* Exercise description *
If pictures appear among the lines below, leave them out while you return exactly the lines from the one with "中石化石油機(jī)械股份有" through the one with "Delight in your".
[[ Source data open ]]
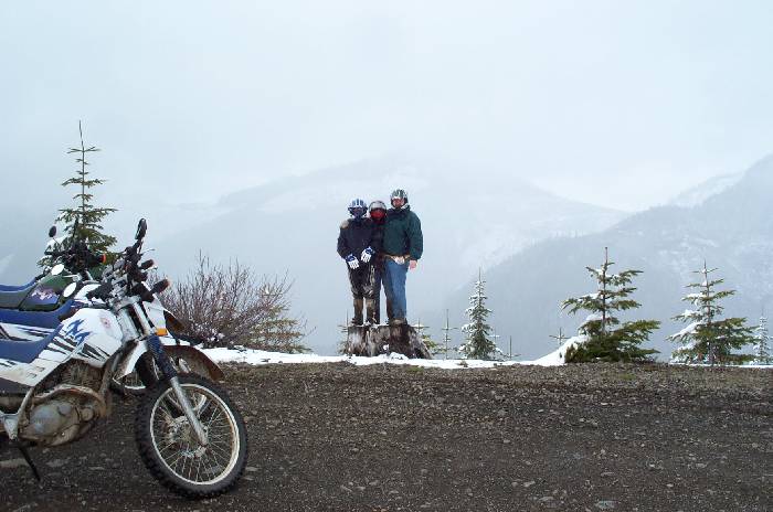 Mike, Kelsey, and Scott found a stump. During our brief break, the hills in the background kept going in and out of view with the changing weather.
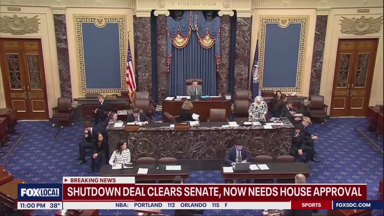 Government shutdown deal clears in senate 60 - 40, now needs house approval which expected Wednesday night.
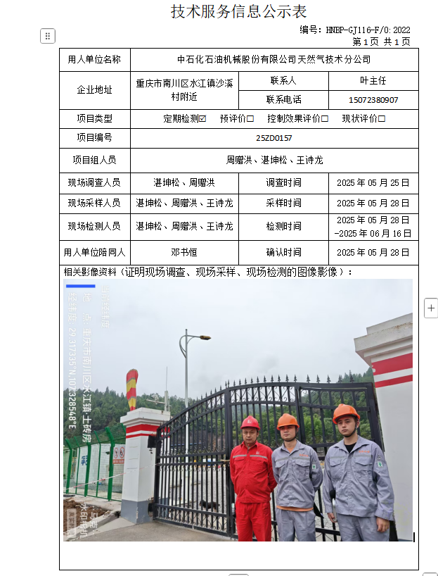 中石化石油機(jī)械股份有限公司天然氣技術(shù)服務(wù)分公司定期檢測(cè)項(xiàng)目公示
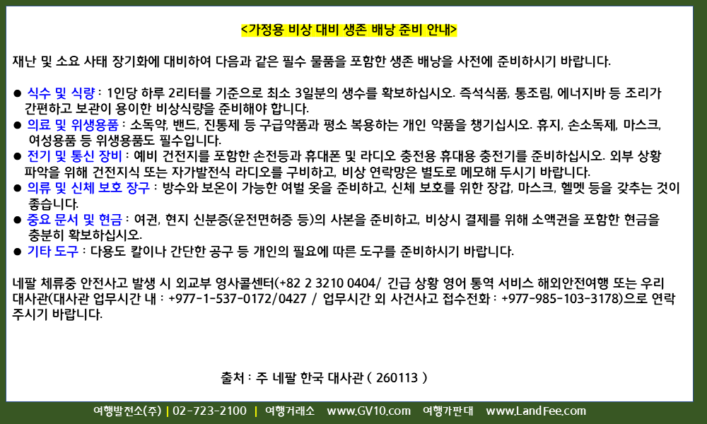 [네팔] 네팔, 정정 불안으로 인한 소요 사태 발생 시 행동 수칙 - 26년 1/13 현재
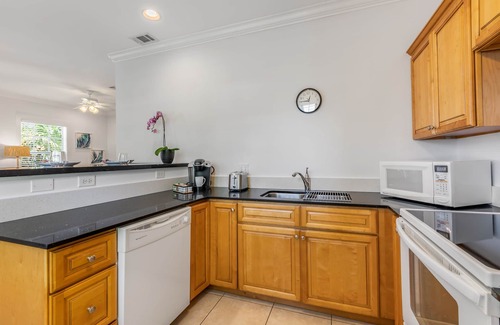 Delight in your meal creations as this modern kitchen comes with a dishwasher, stove and a full-sized refrigerator. It also includes all the necessary utensils, dishes and cookware that you will need to feed your loved ones. The bedroom features a newly-remodeled king size bed with luxurious bedding, ceiling fan and wall-mounted HD TV. The private updated bathroom has a glass and marble tile enclosed shower with 8" glass wall and door. Make room for others in the comfy living room that offers the convenience of a pull-out queen sofa bed, table seating for 4 and mounted HD TV. This all-encompassing suite has everything you need!
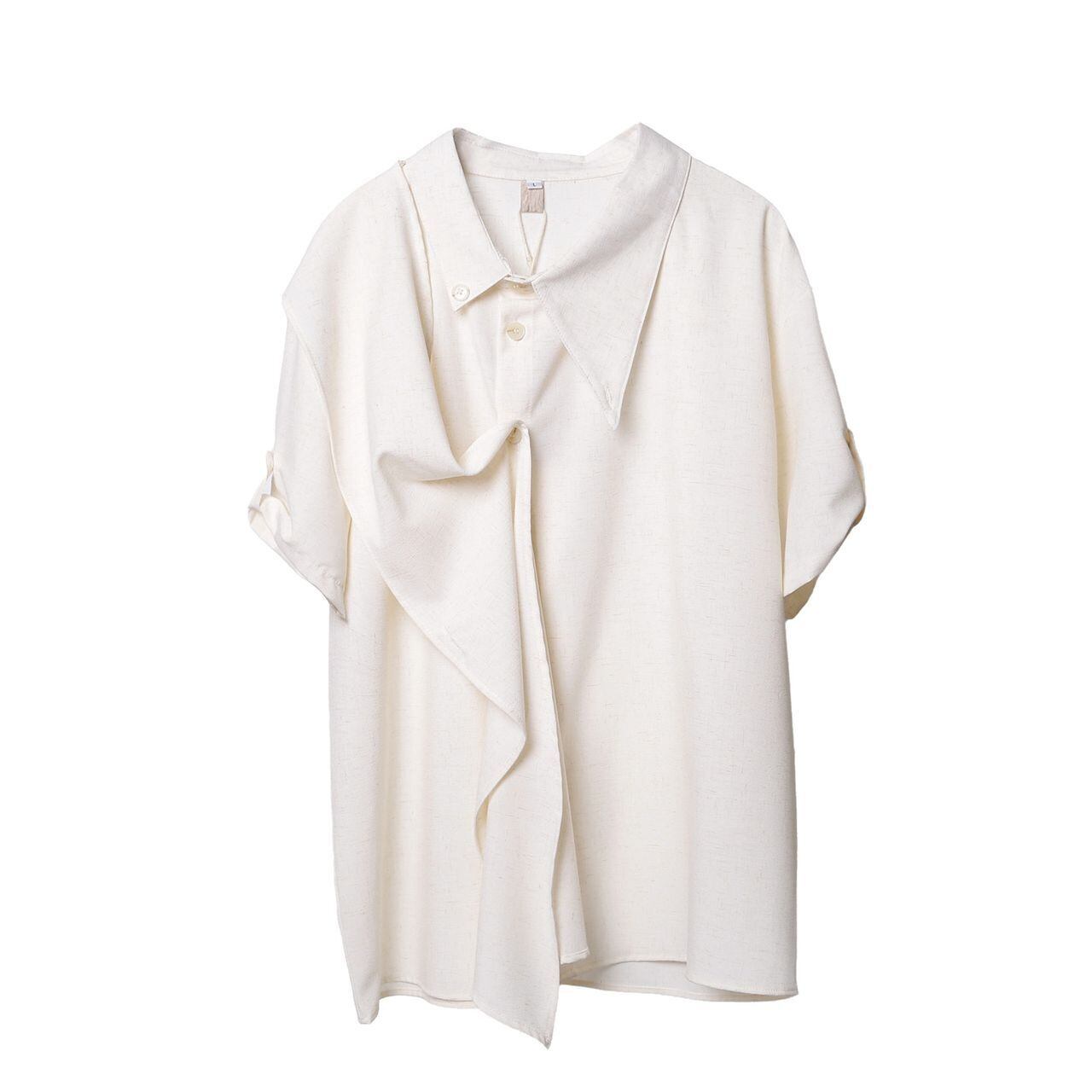Retro design short-sleeved shirt with ribbon(MT1488)
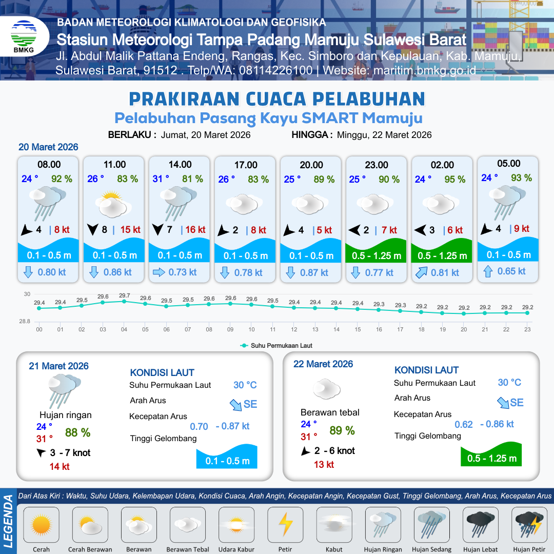 20 Mar 26, 14.00 12 jam kedepan | Timur 2 kt Gust Peningkatan kecepatan angin yang singkat dan tiba-tiba : 8 kt | 0.5 m Rendah | Selatan 0.8 Knot | 7 km | 25 °C | 90 % | +0.05 m | |
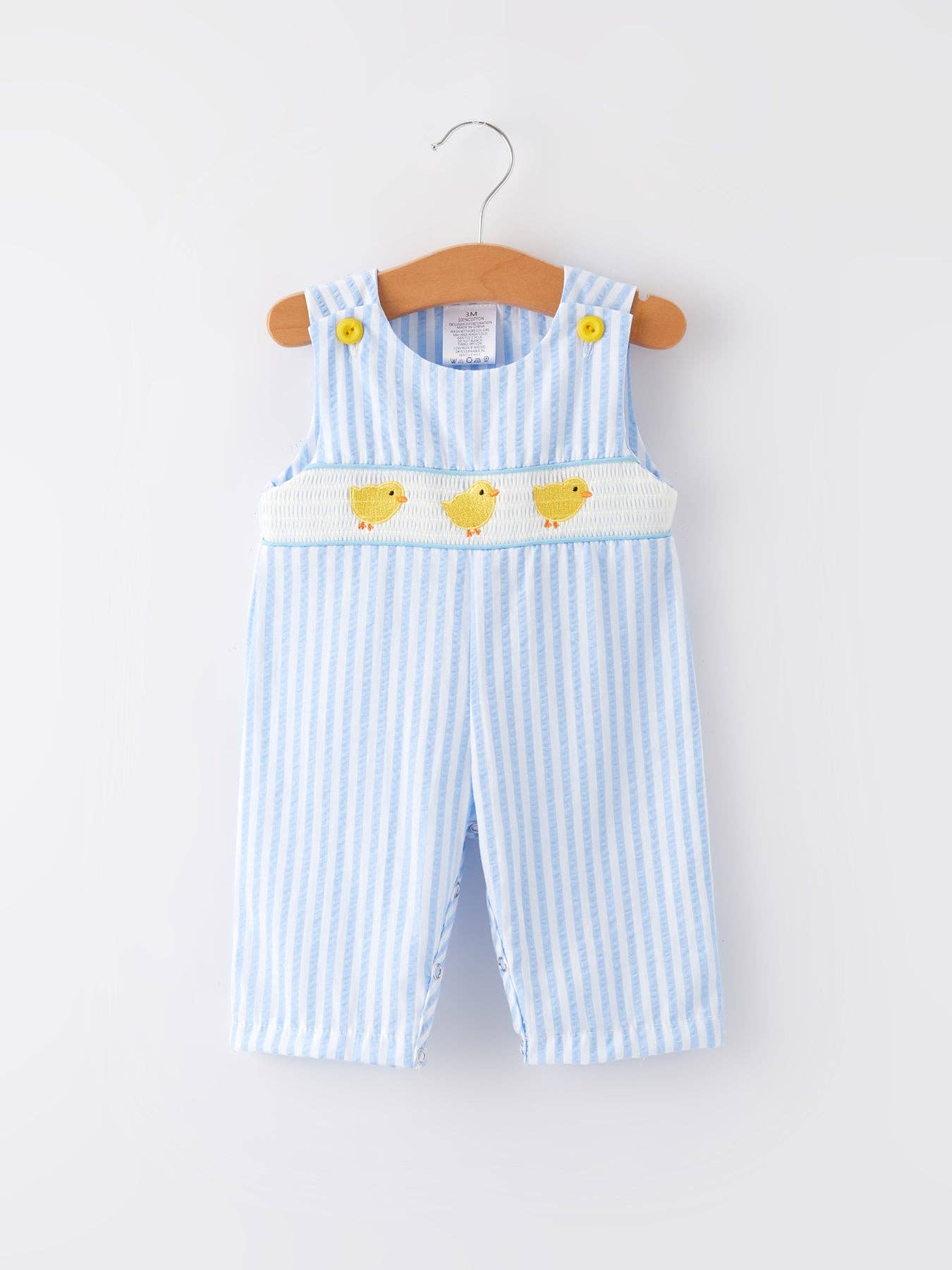 This adorable romper features a delicate chicken embroidery in a vibrant blue color, perfect for spring and summer seasons. Give your child a stylish and charming look with this must-have romper!
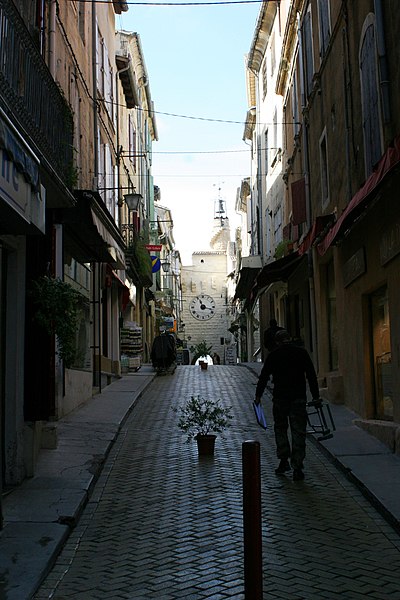 De plan rectangulaire, la tour est construite en pierres de taille à bossage. Au rez-de-chaussée, une porte ogivale ouvre sur la rue Marx-Dormoy ; elle est surmontée du blason de la ville, qui représente une croix, le pont romain, le beffroi et la « Gleizette ». La façade est ornée d’une horloge monumentale et de gargouilles en forme de canon reposant sur des consoles en pierre ; côté intra-muros, une horloge semblable porte le millésime 1880 et l’on relève deux gargouilles en forme de canon ornées de feuilles d’acanthe sur la maison voisine.
[[ Source data closed ]]
* Solution to this problem *
 中石化石油機(jī)械股份有限公司天然氣技術(shù)服務(wù)分公司定期檢測(cè)項(xiàng)目公示
 [네팔] 네팔, 정정 불안으로 인한 소요 사태 발생 시 행동 수칙 - 26년 1/13 현재
 Delight in your meal creations as this modern kitchen comes with a dishwasher, stove and a full-sized refrigerator. It also includes all the necessary utensils, dishes and cookware that you will need to feed your loved ones. The bedroom features a newly-remodeled king size bed with luxurious bedding, ceiling fan and wall-mounted HD TV. The private updated bathroom has a glass and marble tile enclosed shower with 8" glass wall and door. Make room for others in the comfy living room that offers the convenience of a pull-out queen sofa bed, table seating for 4 and mounted HD TV. This all-encompassing suite has everything you need!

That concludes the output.